The May 31 bombing on the edge of Kabul’s Green Zone is illustrative of the strategy. A truck bomb was detonated near the German embassy during morning rush hour, killing 150 people and making it the deadliest terrorist attack in Kabul history. The objective of this attack was revealed in the days following the attack, when on 2 June violent protests at the government’s failure to provide security resulted in 5 dead at the hands of Afghan security forces. So in the eyes of the populace, not only had the government failed to protect them from terrorists, they killed them when they dared protest that fact. Days later, 3 suicide bombers struck a funeral for Salim Izadyar, a prominent victim of the protests, killing another 18 people.
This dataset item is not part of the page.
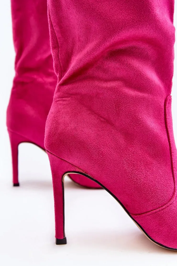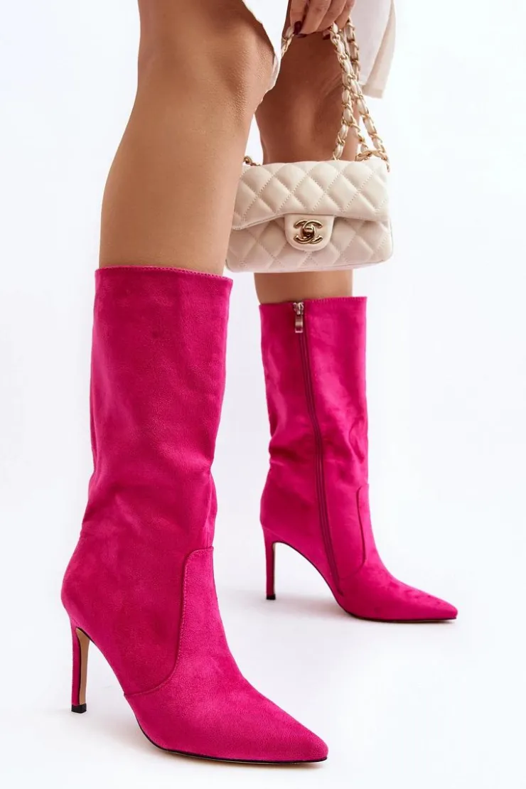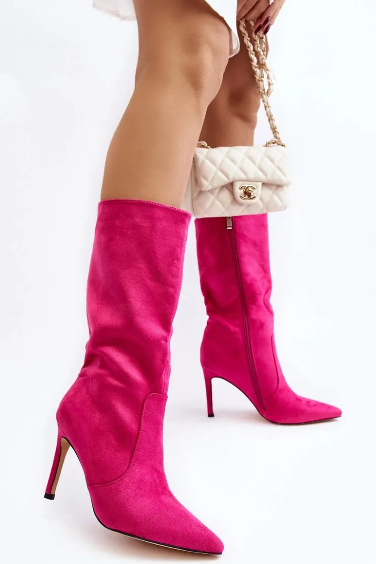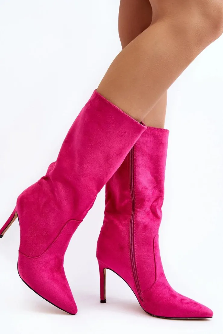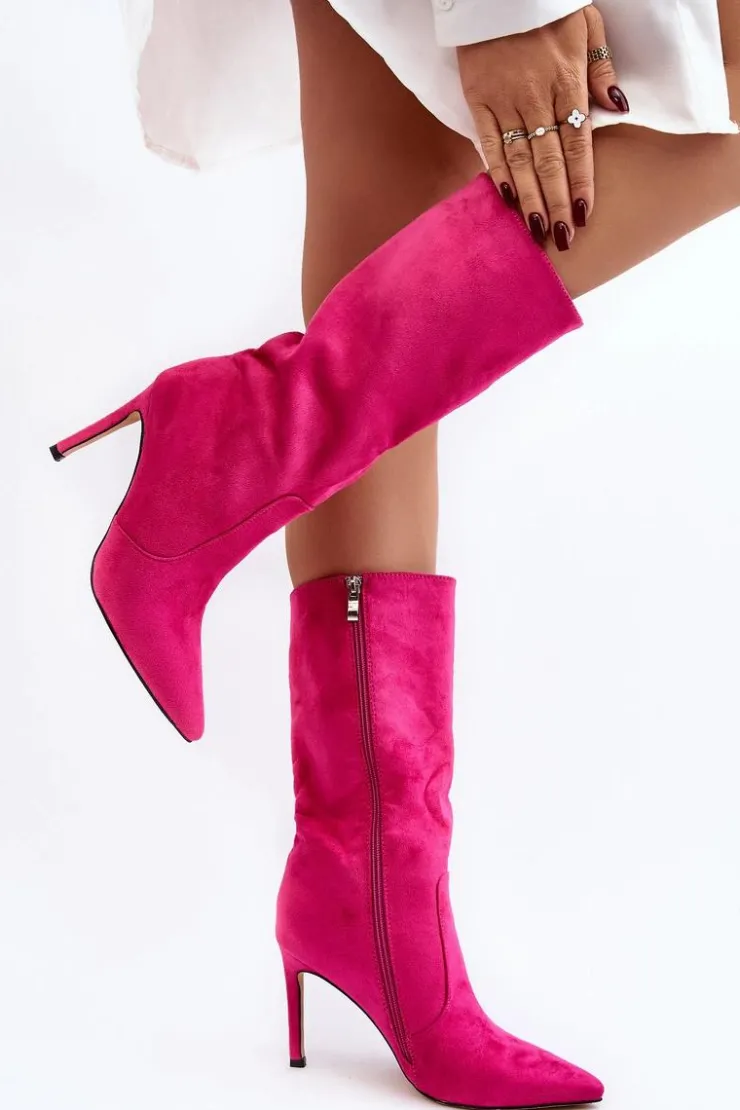 Kozaki damskie wykonane z eko zamszu. Osadzone na zgrabnej szpilce, co dodaje im kobiecego uroku, a jednocześnie gwarantuje elegancję. Ocieplenie w postaci koca obuwniczego zapewnia ciepło i komfort w chłodniejsze dni. Delikatnie szpiczaste noski optycznie wysmuklają nogi, dodając subtelnego wdzięku. Suwak na całej długości cholewki ułatwia zarówno zakładanie, jak i zdejmowanie butów. Ten wyjątkowy model zasługuje na swoje miejsce w Twojej garderobie! Przy wyborze rozmiaru prosimy sugerować się tabelą rozmiarów.

The object of the entire attack cycle was revealed by a very clever tweet by Abdulqahar Balkhi, a Taliban spokesman and a wily social media operator, that appealed directly to the natural inclinations of President Trump and his political base:
#Kabul imploding, warlords about to launch turf wars, great opportunity for @realDonaldTrump to throw in towel & let savages to [sic] own devices
To recap: first, a devastating truck bomb targets civilians in morning rush hour, in an attack designed to generate the maximum body count. Days later, ethnic-nationalist rhetoric is used to gin up violent protests against the government’s failure to prevent the attack, resulting in the security forces killing additional citizens, and the funeral of one is subsequently attacked by suicide bombers. Chaos threatens to envelop the Afghan capital, and a Taliban representative invites the American President to quit the mire. A well-orchestrated series of events that strongly suggests that the tentacles of the ISI still reach deep into Afghanistan, and its old strategy of chaos and mayhem remains active.